[Dataset excerpts]
=======
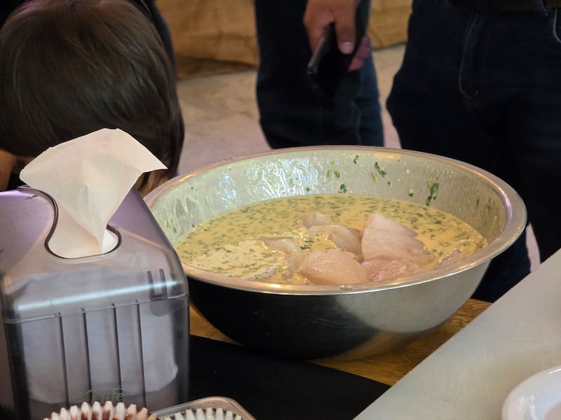 Esto último, para que la costra del pescado quede más crocante y a la vez, esponjosa. La consistencia del batido también importa “no tiene que ser muy líquido ni muy espeso, que sea untable”, asegura el chef.
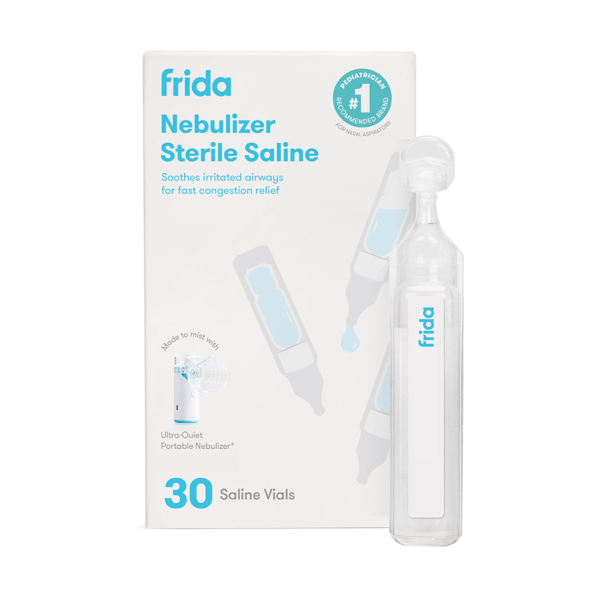 Designed to pair with the ultra-quiet Frida Nebulizer (sold separately), Frida Baby Saline Ampules offer gentle, mess-free relief for tiny noses.
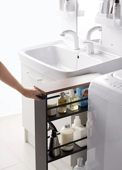 Foto: YamazakiPojízdná police Tower Slim (Yamazaki), lakovaný kov a masiv, cena 3 679 Kč, www.naoko.cz
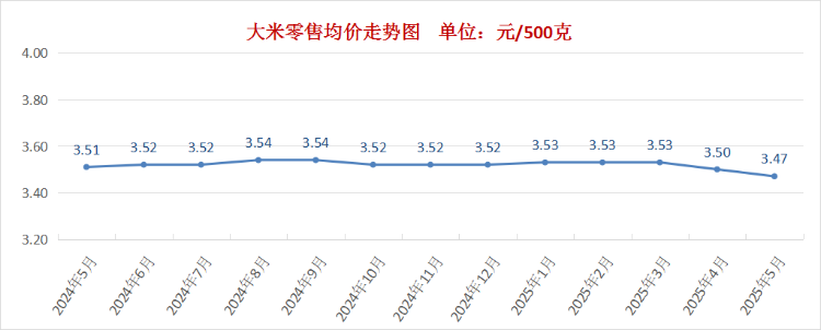 粮食供应稳定充足。5月份,我市大米零售均价为每500克3.47元,环比下降0.9%,与去年同期相比下降1.1%。面粉零售均价为每500克3.04元,环比下降0.3%,与去年同期相比下降2.6%。
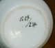 Lille olielampe i hvidt glas samt hvid skærm i glas. Dekoreret med svaler. Fremstillet hos Fyens Glasværk omkring 1900. Fremstår i perfekt stand. Ingen skader eller reparationer. Modelnummer på bunden. Total 21 cm høj.
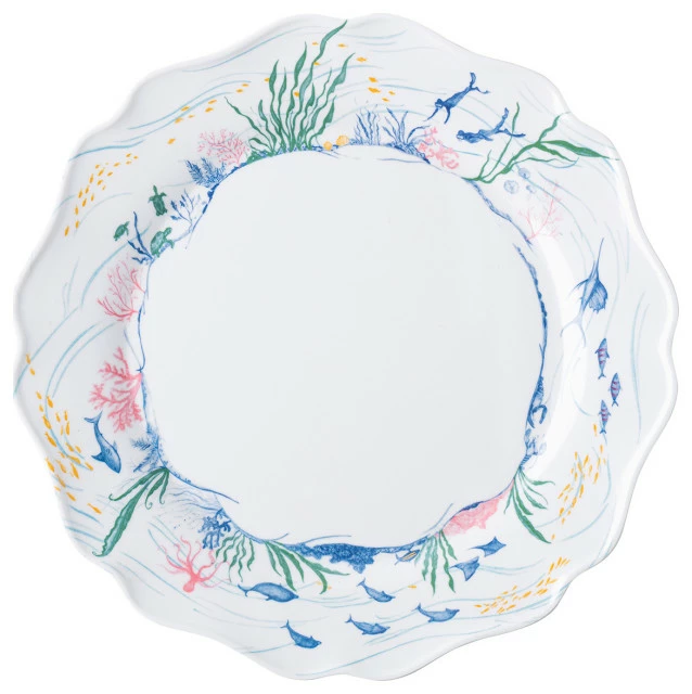 New for the Country Estate lover featuring idyllic Seaside scenes! Dive into the crisp water and explore the animal and plant life on the band of this scalloped melamine dinner plate. Pack a stack of these plates for a beachside picnic or bring them out to the patio for an impromtu dinner date under the stars.
=======
> _Exercise goal_: An exact transcription of all the entries is required, without the pictures.

> _Answer to the exercise_:
 Esto último, para que la costra del pescado quede más crocante y a la vez, esponjosa. La consistencia del batido también importa “no tiene que ser muy líquido ni muy espeso, que sea untable”, asegura el chef.
 Designed to pair with the ultra-quiet Frida Nebulizer (sold separately), Frida Baby Saline Ampules offer gentle, mess-free relief for tiny noses.
 Foto: YamazakiPojízdná police Tower Slim (Yamazaki), lakovaný kov a masiv, cena 3 679 Kč, www.naoko.cz
 粮食供应稳定充足。5月份,我市大米零售均价为每500克3.47元,环比下降0.9%,与去年同期相比下降1.1%。面粉零售均价为每500克3.04元,环比下降0.3%,与去年同期相比下降2.6%。
 Lille olielampe i hvidt glas samt hvid skærm i glas. Dekoreret med svaler. Fremstillet hos Fyens Glasværk omkring 1900. Fremstår i perfekt stand. Ingen skader eller reparationer. Modelnummer på bunden. Total 21 cm høj.
 New for the Country Estate lover featuring idyllic Seaside scenes! Dive into the crisp water and explore the animal and plant life on the band of this scalloped melamine dinner plate. Pack a stack of these plates for a beachside picnic or bring them out to the patio for an impromtu dinner date under the stars.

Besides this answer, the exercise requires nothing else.